Africa should strive to establish partnerships with the BRICS countries to unlock potential green technology opportunities as they are quickly becoming the dominant force for innovation towards sustainable development. For instance in 2012, China added 23.1 GW of clean energy-generating capacity, while investing $65.1 billion in clean and renewable energy. There is an opportunity for Africa to capitalize on the BRICS Multilateral Cooperation Agreement on innovation that was formalized during the Sixth Summit in Brazil. The agreement aims to provide support for projects and initiatives that promote investments in technological innovation, with emphasis on infrastructure and sustainable energy, as well as innovations in processes and products in various areas of industry, services and agribusiness.

Some of the trade linkages between Africa and BRICS are:

  1. South-South trade offers African countries a way to benefit from their commonalities with other developing countries.
  2. Green technologies for renewable energy
  3. Remanufacturing industry in Africa
  4. Organic agriculture opportunities for regional cooperation and trade
  5. Energy efficient standards for appliances

To ensure that lessons learned from, and cooperation with the BRICS countries leads to balanced and sustainable development, it is important to deal with vexing issues. For example, sustaining the current economic growth in Africa requires a deliberate effort to align growth with structural transformation. Structural transformation in turn must be tuned towards high economic growth, jobs and wealth creation that do not undermine environmental sustainability. This must be anchored on innovations that take into account the following imperatives:

  1. Resource efficiency
  2. Adopting low carbon development strategy
  3. Investment as a key tool
  4. Building strong institutional frameworks
  5. Inclusiveness

Green investment and inclusive growth in Africa requires better use of natural resources guided by a combination of policies and regulations that take into consideration environmental and social concerns in development.

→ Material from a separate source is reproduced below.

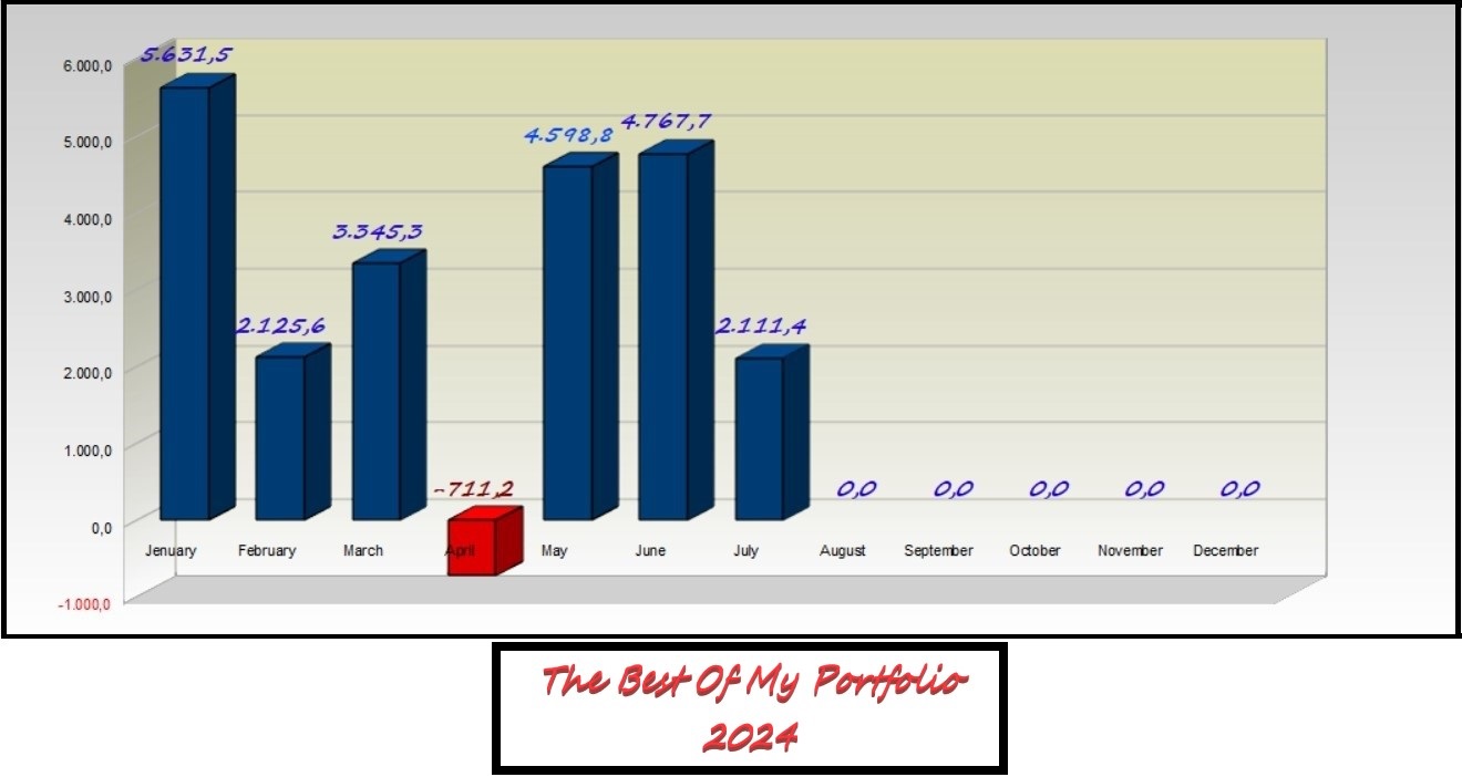 The result of the first seven months is excellent with a total profit of € 22,147.50, which corresponds to € 3,165 per month.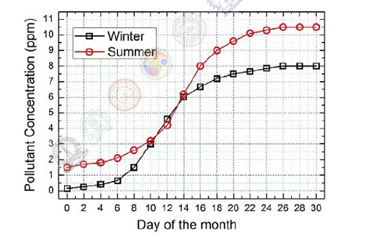 In the graph below, the concentration of a particular pollutant in a lake is plotted over alternate days of a month in winter (average temperature 10°C) and a month in summer (average temperature 30°C). Consider the following statements based on the data shown above:

A number of BRICS countries are transforming their development using innovations and mainstreaming sustainability into their core business practices. Africa can emulate these lessons through cooperation in human capacity development, financing, fair trade, infrastructure development and the transfer of cleaner technologies.

Fifth BRICS Summit – Two Key Agreements for Africa

  • BRICS Multilateral Infrastructure Co-Financing Agreement for Africa to pave way for the establishment of co-financing arrangements for infrastructure projects across the African continent.
  • BRICS Multilateral Cooperation and Co-Financing Agreement for Sustainable Development, aimed at exploring the establishment of bilateral agreements to facilitate cooperation and co-financing arrangements, specifically around sustainable development and green economy elements.

Sixth BRICS Summit – Two Key Agreements for Africa

  • New Development Bank (NDB)- Intended to mobilize resources for infrastructure and sustainable development projects in BRICS and other developing economies under Article 11 of the Fortaleza Declaration
  • Multilateral Cooperation Agreement on Innovation (MCAI) on support to projects that promote investments in technological innovation, infrastructure, sustainable energy and agribusiness.